1- A sector of a circle with radius 5cm and an angle of pie(how do you spell this)/3 subtended at the centre is cut out of cardboard. It is then curved around to form a cone. Find its exact surface area and volume.

2- Find the diameter of the sun to the nearest kilometre if its distance from the earth is 149000000 and it subtends an angle of 31'(not degrees, minutes) at the earth.

3- Given that the wingspan of an aeroplane is 30m, find the planes altitude to the nearest metre if the wingspan subtends an angle of 14'(minutes) when it is directly overhead.

Answers: 1: Surface area = 25PIE/6 cm squared.
Volume: 125root35pie OVER 648 cm cubed
2- 1343622km
3- 7367m

Note: i think that the answer to question1 might be wrong or maybe i just noobed it. I spent ages on it and never got the right answer.
1) A=1/2 . r^2 . @
= 1/2 . 5^2 . pi/3
= 25pi/6 cm^2

For this one, you just find the sector area. I also found the surface area of the cone but it seems to me that it isn't part of the entire surface area.

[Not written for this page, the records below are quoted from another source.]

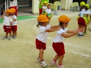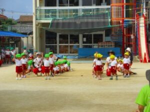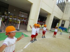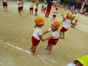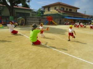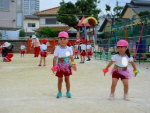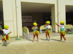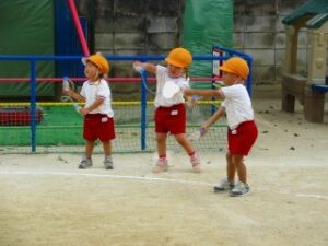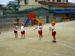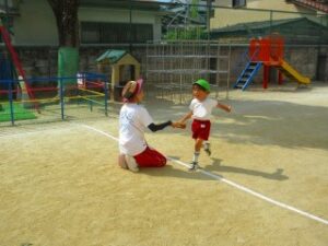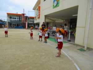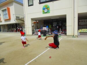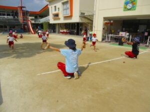 小さな園庭を上手に使って本番と同じ距離で行います。登美丘西小学校とは少し違いますが、きっと大丈夫!頑張れ!
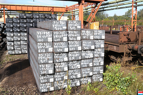 Blooms (Stahlblöcke) d'Arcelor Mittal Ru (Ruhrort) à l'Usine de Rodange (Photo: 16.9.2017 jmo)
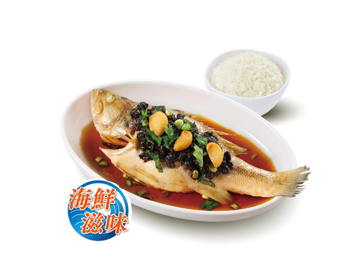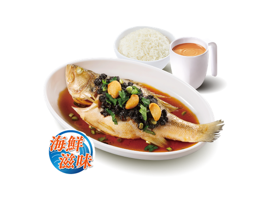 蒜子豆豉蒸鱸魚 + 白飯 + 熱飲
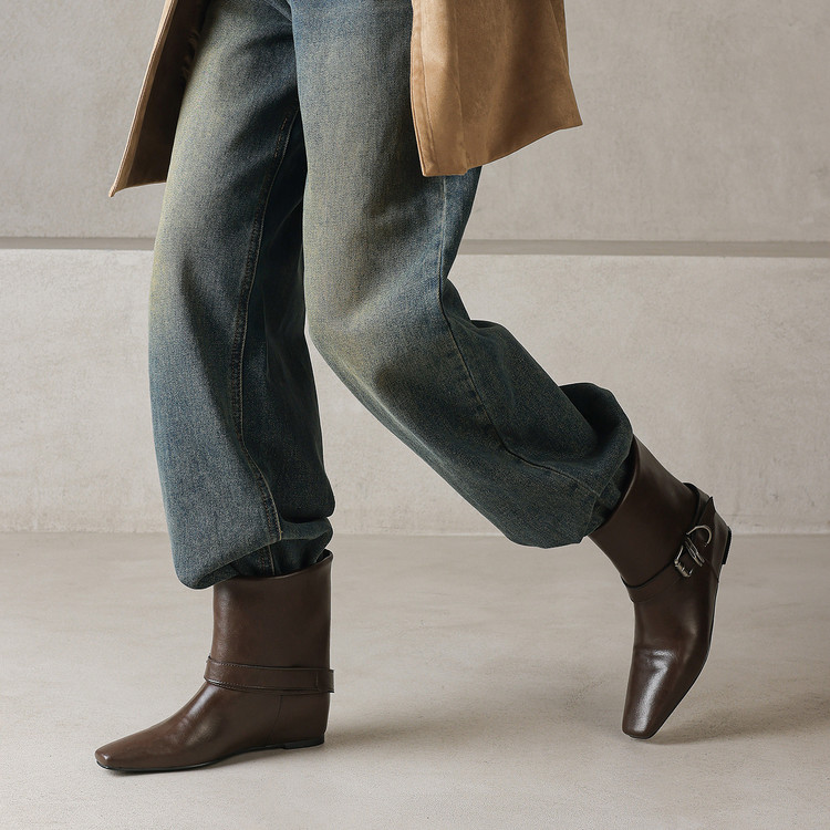 爆款老钱风增高靴子用料多一脚蹬双层筒
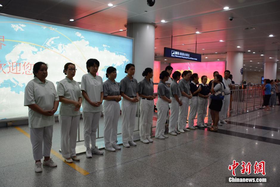 7月26日晚7时20分,51名台湾“7·19”游览车事故罹难者家属代表携23位亲人骨灰从台湾返回辽宁大连。图为台湾慈济慈善基金会大连联络处工作人员等候罹难者家属。中新社记者 杨毅 摄
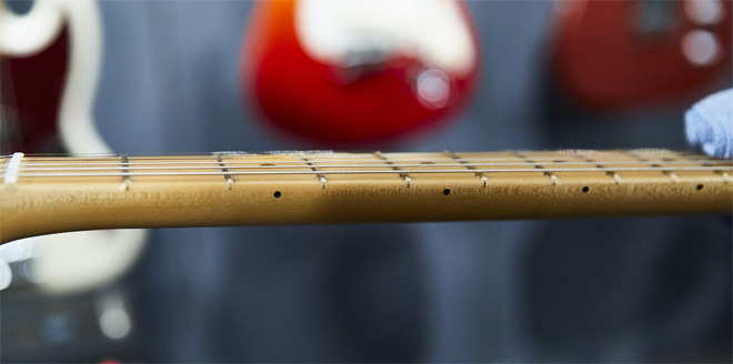 吉岡:ミディアムジャンボフレットですね。フェンダーじゃないギターを使っている方が持ち替えても違和感がないです。

V= (sqaure root of (875/36))/3 x 25pi/36 = (25pi . square root of 875)/648
= (125pi . square root of (35))/648 cm^3
= 3.58524552... cm^3
= 3.59 cm^3 to the two decimal places.

The circumference of the circle of the cone = l of the sector = 5pi/3
Using that you will be able to find the diameter of the circle of the cone because d . pi = 5pi/3
Therefore d = 5/3
Using that, you will be able to find the surface area of the circle of the cone.

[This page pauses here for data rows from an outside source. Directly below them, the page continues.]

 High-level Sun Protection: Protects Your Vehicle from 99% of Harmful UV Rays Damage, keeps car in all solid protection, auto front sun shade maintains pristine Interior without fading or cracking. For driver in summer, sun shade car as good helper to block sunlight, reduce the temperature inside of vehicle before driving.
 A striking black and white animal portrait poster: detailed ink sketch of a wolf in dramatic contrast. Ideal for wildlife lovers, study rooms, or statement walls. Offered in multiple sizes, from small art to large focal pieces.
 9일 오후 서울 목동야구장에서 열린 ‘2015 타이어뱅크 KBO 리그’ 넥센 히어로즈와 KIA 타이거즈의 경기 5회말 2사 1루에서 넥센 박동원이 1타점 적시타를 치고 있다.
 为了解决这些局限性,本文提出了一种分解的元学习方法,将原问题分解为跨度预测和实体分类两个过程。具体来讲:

Then you use the Pythagoras' theorem to find the height of the cone like this:
(5/6)^2 + x^2 = 5^2
Therefore, x = square root of (875/36)
Then find the volume. Done!

2) Draw the right-angled triangle. Let the acute angle be 31 minutes (the smallest angle when you draw a right-angled triangle). Let the opposite angle be x (which is the diameter of the sun) and the hypotenuse is 149000000.

31 minutes = 31/60 degree = 31/60 . pi/180 = 0.00901753446...

sin 31 minutes = x/149000000
x = sin 0.00901753446... times 149000000
= 1343594.426 km

3) Draw the right-angled triange where the smallest triangle points upwards. Let the height be the adjacent side of the angle. You are given the opposite side.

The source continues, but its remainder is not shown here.